I've had my home studio with Pulsar 1 & 2 for many years now, and still enjoying it, but have a new project that is challenging.

A friend who has a huge drum set is getting me to live-record him playing a session.

We plan to set up 8 mic's at various locations to focus on kicks, snares, toms and cymbals, etc. I envisioned a dedicated multi-track recorder, perhaps a Zoom F8 or Roland R88, which could record and store all tracks in real-time, then I transfer to computer and master in scope.

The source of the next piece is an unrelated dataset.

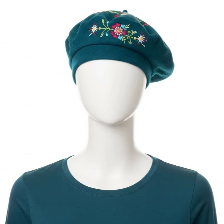 Embroidered Women's Spring Quick Dry Pullover Polyester Spandex Beret Hat

But now people are suggesting some kind of USB interface (specifically the Scarlett 18i20), which I'd route into my laptop and use multitrack software to record in real-time. It looks like a nice unit. Has pretty good reviews.

My question is (1) if I can rent that unit somewhere, would my 2009 MacBook Pro (8 G RAM / SSD) be able to record 8 simultaneous mono tracks, say 48k-24bit, via Reaper?

And (2) any other suggestions for other hardware that might work? I've never done anything like this, so I'm on a big learning curve. We're not looking for broadcast or film resolution here, will be marrying the result to an HD video, likely 48k-24 bit max.

Thanks for any suggestions!

Gary B

(really happy that the Scope/Pulsar community is still happening)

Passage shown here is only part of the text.